The objective of this study was to examine the effects of physician continuity versus site continuity on duplicated medications received by patients with and without MCCs.
This study utilized a longitudinal design with an 8-year follow-up from 2004 to 2011 of patients aged 65 or older under a universal health insurance program in Taiwan (55,573 subjects and 389,011 subject-years). Generalized estimating equation models with propensity score method were conducted to assess the association between continuity and medication duplication.

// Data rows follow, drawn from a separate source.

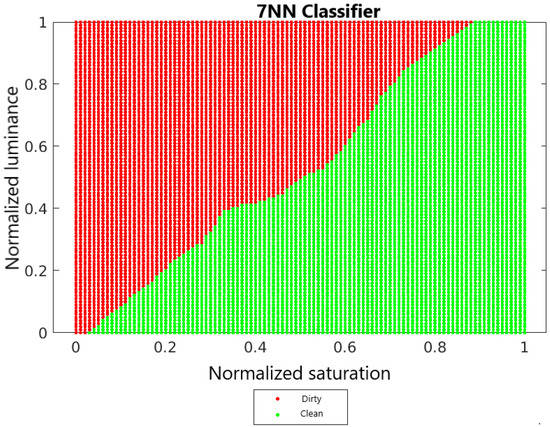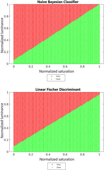 Figure 13 shows the decision surfaces of the classification of the 7NN classifier, the naive Bayes classifier and the linear Fischer discriminant. In order to compare these surfaces, the luminance and saturation values have been normalized so that, for each classifier, the values are determined from the same selected range.
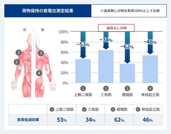 測定結果として上腕二頭筋及び僧帽筋の負荷が50%以上低減する等、複数箇所での負荷低減効果を確認しました。
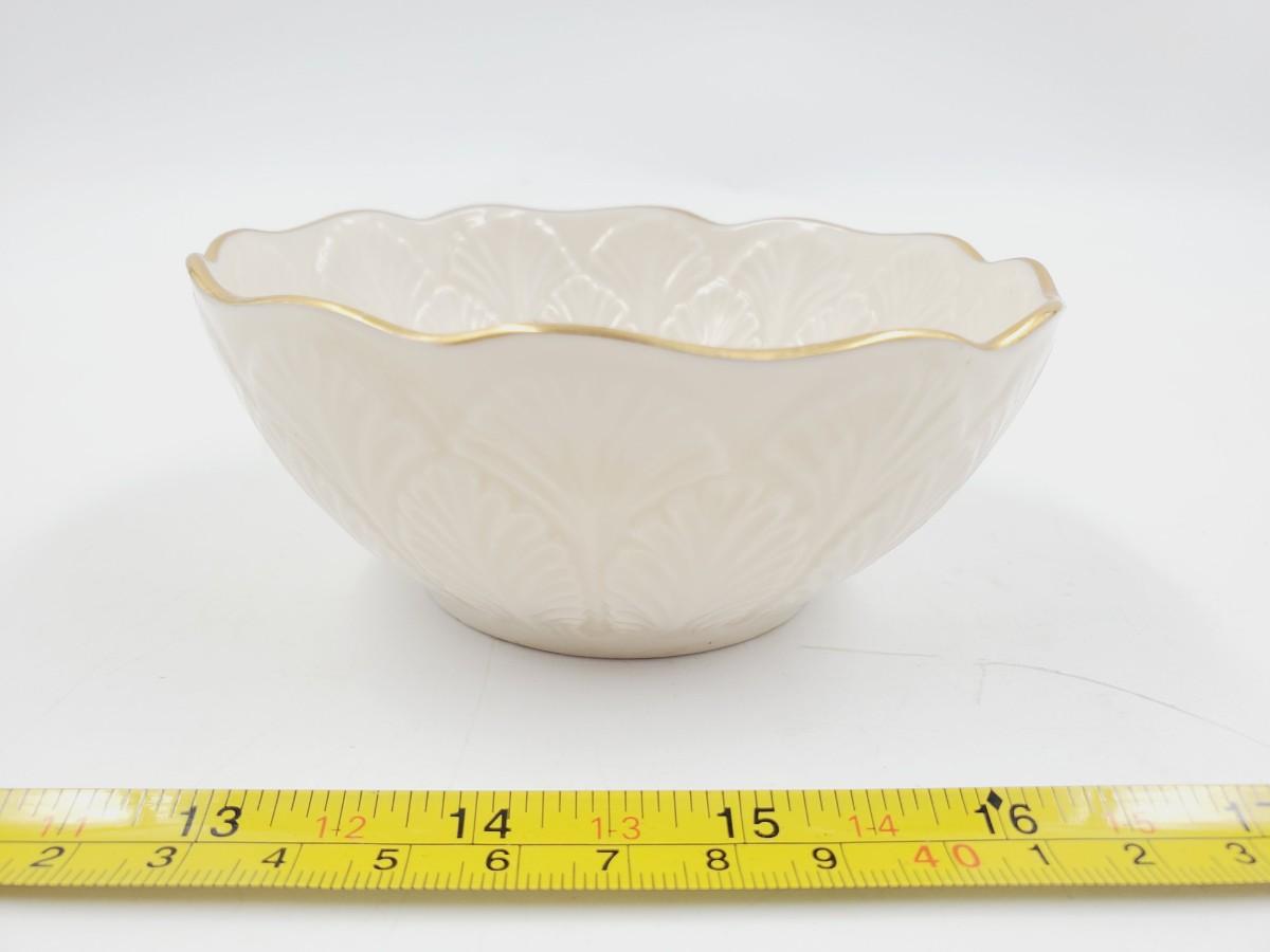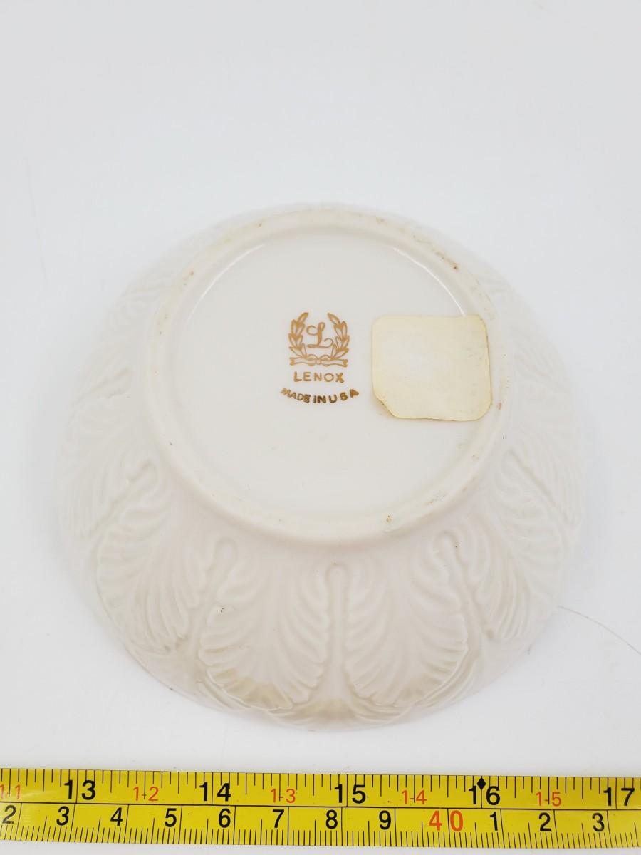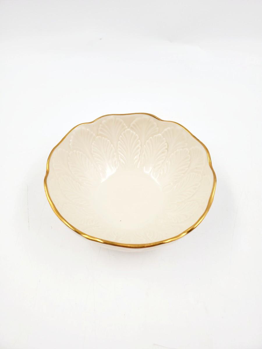 SMALL LENOX IVORY COLORED DISH WITH GOLD RIM
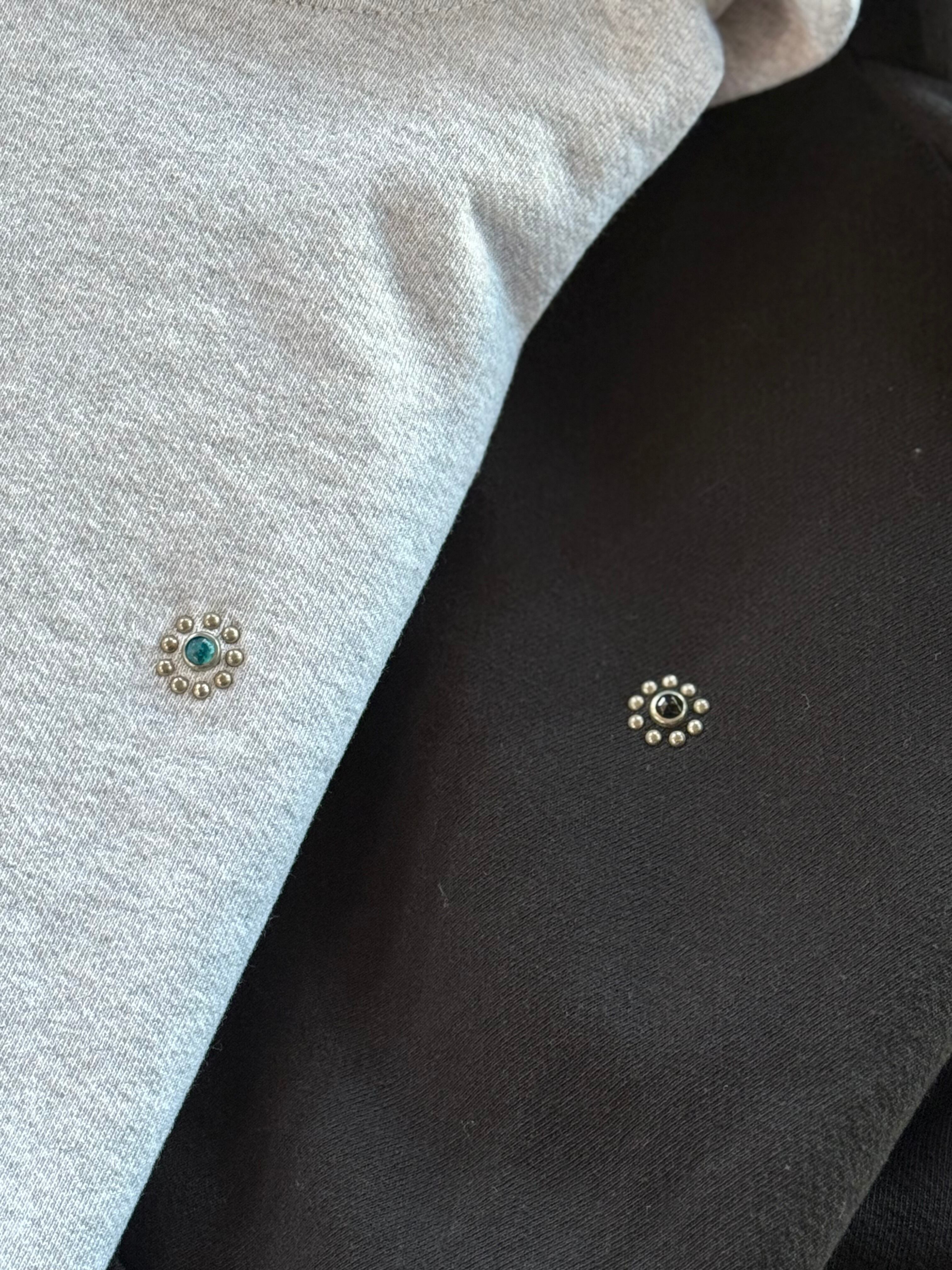 デザインは左胸に、#Flower Stoneのスタッズワークを施したタイプとなっており、左袖にもHTCロゴの外枠の刺繡がされたスペシャルなコラボアイテムです!

The rates of subjects receiving duplicated medications ranged from 40.38% to 43.50% with 1.45-1.62 duplicated medications during the study period. The findings revealed that better continuity, either at the physician level or the site level, was significantly associated with fewer duplicated medications. This study also indicated that the physician continuity had a stronger effect on medication duplication than did site continuity. Furthermore, the magnitude of the protective effect of continuity against duplicated medications increased when the patients had more chronic conditions [physician continuity: the marginal effect ranged from -10.7% to -52.9% (all P<0.001); site continuity: the marginal effect ranged from -0.4% (P=0.063) to -31.4% (P<0.001)].
Improving either physician continuity or site continuity may result in fewer duplicated medications, particularly for patients with MCCs.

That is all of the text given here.